I THINK THE DEEPER YOU GO
THE DEEPER OR MORE INTERESTING
THE QUESTIONS GET.
AND I THINK THAT'S THE JOB OF ART.
(Andre Dubus III)
When I hear about something terrible on the news, or watch a TV show or a movie where bad things happen, I react the same as most people - shock, sadness, anger. But when those emotions are turned onto the "bad guy," I tend to take a step back.
I'm not saying there shouldn't be punishment, or that excuses and rationalization justify crimes and tragedies. It's just that my writing mind wants to know why he or she did what they did. What was he thinking? What was she feeling? What was the trigger? The motivation? What did the "bad guy" expect to happen once blood was spilled, breath was smothered, innocence lost, money stolen? Joy? Relief? Satisfaction? And did he or she achieve it? Was it worth it?

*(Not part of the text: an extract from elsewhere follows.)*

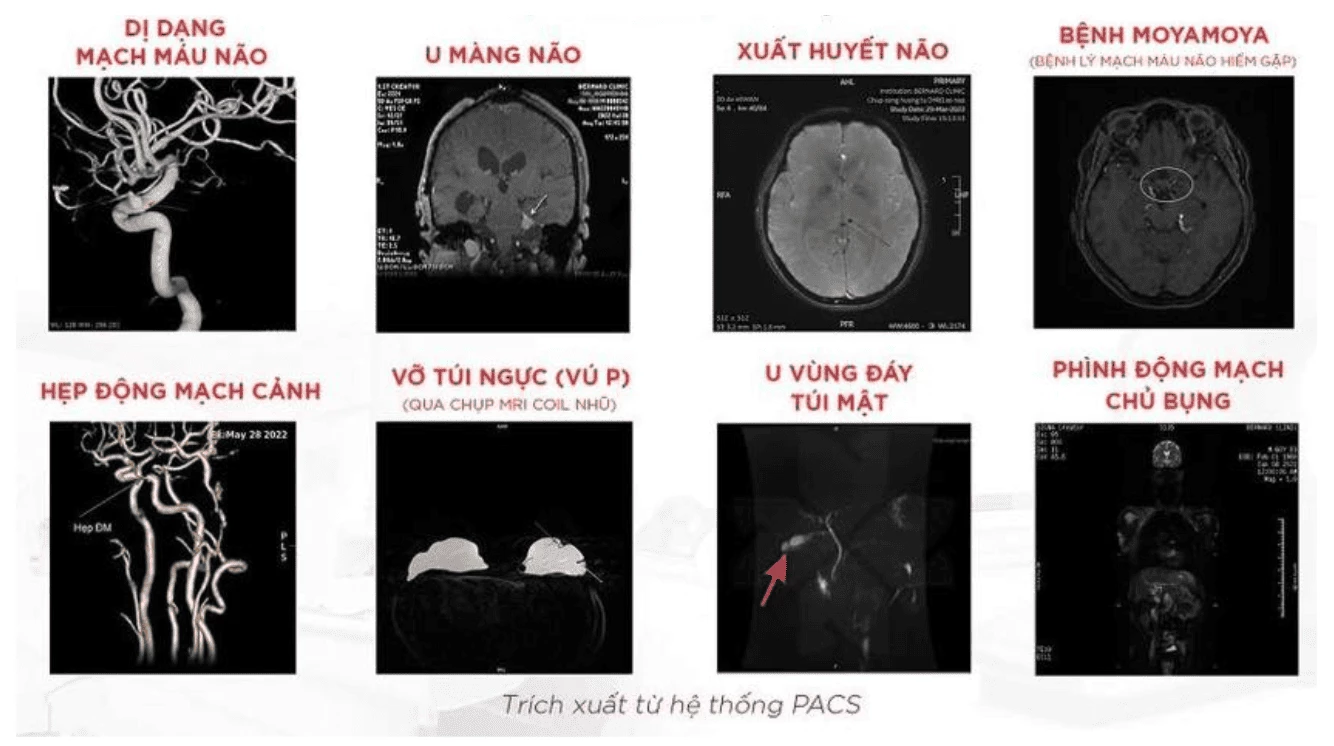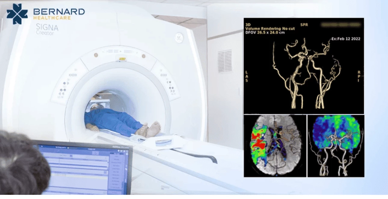 Chụp MRI não bộ, chụp MRI nhũ, chụp MRI toàn thânMRI với công nghệ dựng hình chuyên sâu AI PACs giúp các bác sĩ Bernard khảo sát mạch máu não, dựng hình 3D mạch máu não và đánh giá tưới máu não, từ đó truy tìm ra các yếu tố nguy cơ thầm lặng gây đột quỵ

I then take the "answers" I come up with and put them on the page. I read once that the antagonist thinks they're the star of their own story, that they're actually the protagonist of their own story. I want my "villains" to be as complicated as real people.
You don't have to go to the "dark" places like I tend to do. Stay in the "light." Ask yourself why the woman on line in the grocery store wears a big purple hat decorated with plastic sunflowers. Wonder why the postal carrier is always whistling "Jingle Bells" even in August. Imagine the conversation between the little girl next door and her dolls as they have a tea party in the backyard.
Let's ask ourselves lots of questions this week. Let's take our writing, our art, to a deeper, more complex, more human level.